> **Dataset content**:
-=-=-

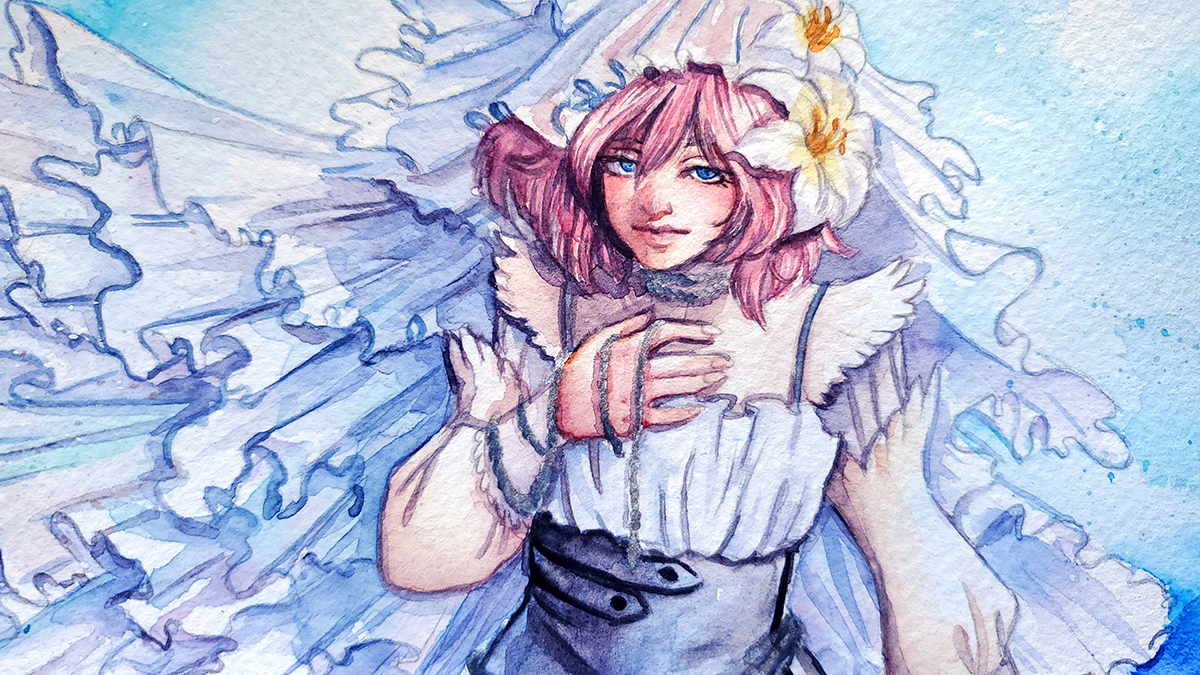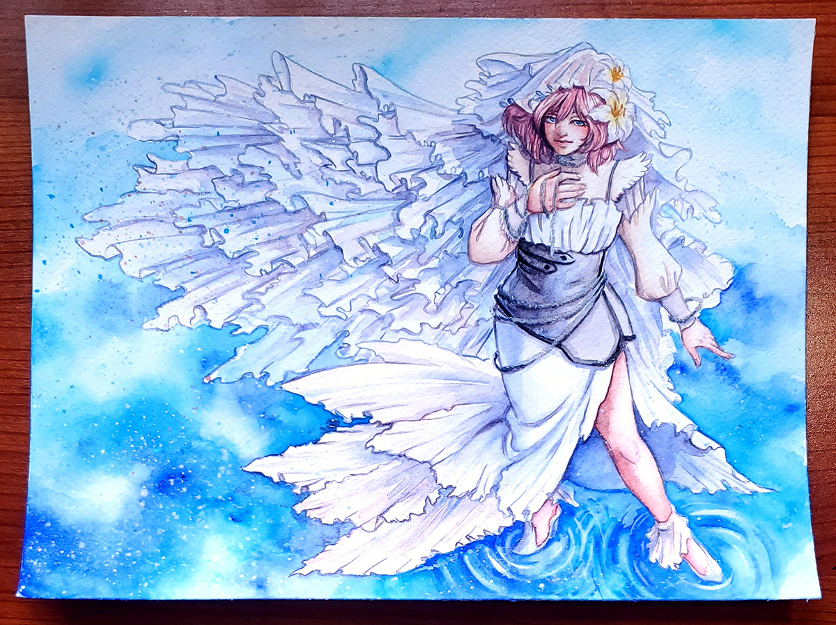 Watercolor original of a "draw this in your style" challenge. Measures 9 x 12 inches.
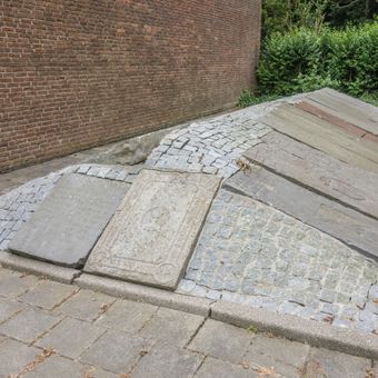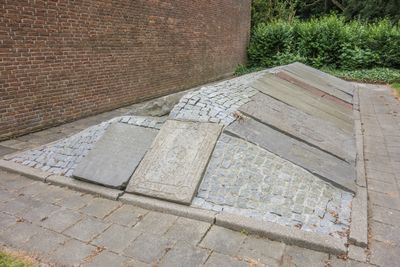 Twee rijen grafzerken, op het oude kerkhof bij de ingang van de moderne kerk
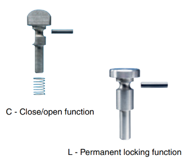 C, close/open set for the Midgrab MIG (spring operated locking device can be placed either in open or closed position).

-=-=-

> **Work to be completed**: Could the material above be written out again word for word, with the pictures dropped?

> **Exercise result**:
 Watercolor original of a "draw this in your style" challenge. Measures 9 x 12 inches.
 Twee rijen grafzerken, op het oude kerkhof bij de ingang van de moderne kerk
 C, close/open set for the Midgrab MIG (spring operated locking device can be placed either in open or closed position).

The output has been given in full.